O sujeito vai envelhecendo e, crente de
que a velhice por si só vai lhe dando sabedoria, passa a criar para si inúmeras
(e inúteis) teoriazinhas. Uma delas, e das mais bestas, me assegura que os
amigos e familiares se dividem em dois grupos distintos e opostos: O dos que
adora o fim de ano – são os “puros de espírito”, os que tiveram uma infância
feliz, os que sentem saudades de tudo (especialmente da meninice); estes mal
veem chegar o novembro e já adquirem um estranho brilho nos olhos, riem (e
choram) por qualquer coisa, ficam mais pacientes e ternos, passam a se
preocupar com coisas bobas, como lavar o cachorro, fazer listas de presentes.
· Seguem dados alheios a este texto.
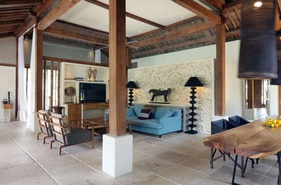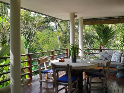 Le top ! Elle profite d’une piscine et d’une merveilleuse véranda aménagée de lits de séjour, de fauteuils, de longues chaises et d’une table à manger. C’est l’emplacement idéal pour apprécier le cadre reposant et la vue sur la jungle. Très spacieuse, son salon est confortable avec de beaux fauteuils. Salle de bain avec baignoire en pierre.
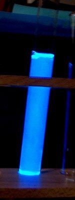 Le luminol est un produit chimique présentant une chimiluminescence, avec un éclat bleu caractéristique, quand il est mélangé avec un oxydant correct.

Mas não só isso: revivem o ano todo de modo mais otimista: fazem balanços,
estilam promessas, enfim, escrevem de letra vermelha na agenda frases
edificantes que sugerem a si e ao mundo que se tornarão pessoas melhores e mais
felizes. O segundo grupo detesta qualquer rito de passagem, seja ele religioso
ou mesmo o da mera marca do calendário – são os de “almas pesadas”, os que
carregam nos ombros o peso do mundo, os que têm aftas no coração: estes só veem
interesses comerciais nas mil luzinhas de Natal em cada janela de subúrbio,
apenas vislumbram hipocrisias nos cumprimentos risonhos e nos apertos de mão
entre vizinhos e colegas de trabalho: repassam em suas mentes as infinitas
mazelas do ano que passou, as inúmeras tristezas que carregam no coração, as
matrículas do colégio dos filhos, o negrume que a luz deixa por trás de
qualquer objeto.
E para tornar mais baratas as muitas
teoriazinhas que me povoam a desocupada cabeça chego rapidamente à conclusão de
que o mundo se divide entre os otimistas e os pessimistas.
***
Entre os bobões românticos e os chatos
realistas.
***
Entre os Fabianos e as Sinhás Vitórias.
Entre as Cachorras Baleias e os Soldados Amarelos*.
* Referências a personagens do livro Vidas Secas, de Graciliano Ramos, que
inicialmente se chamaria O Mundo Coberto
de Penas.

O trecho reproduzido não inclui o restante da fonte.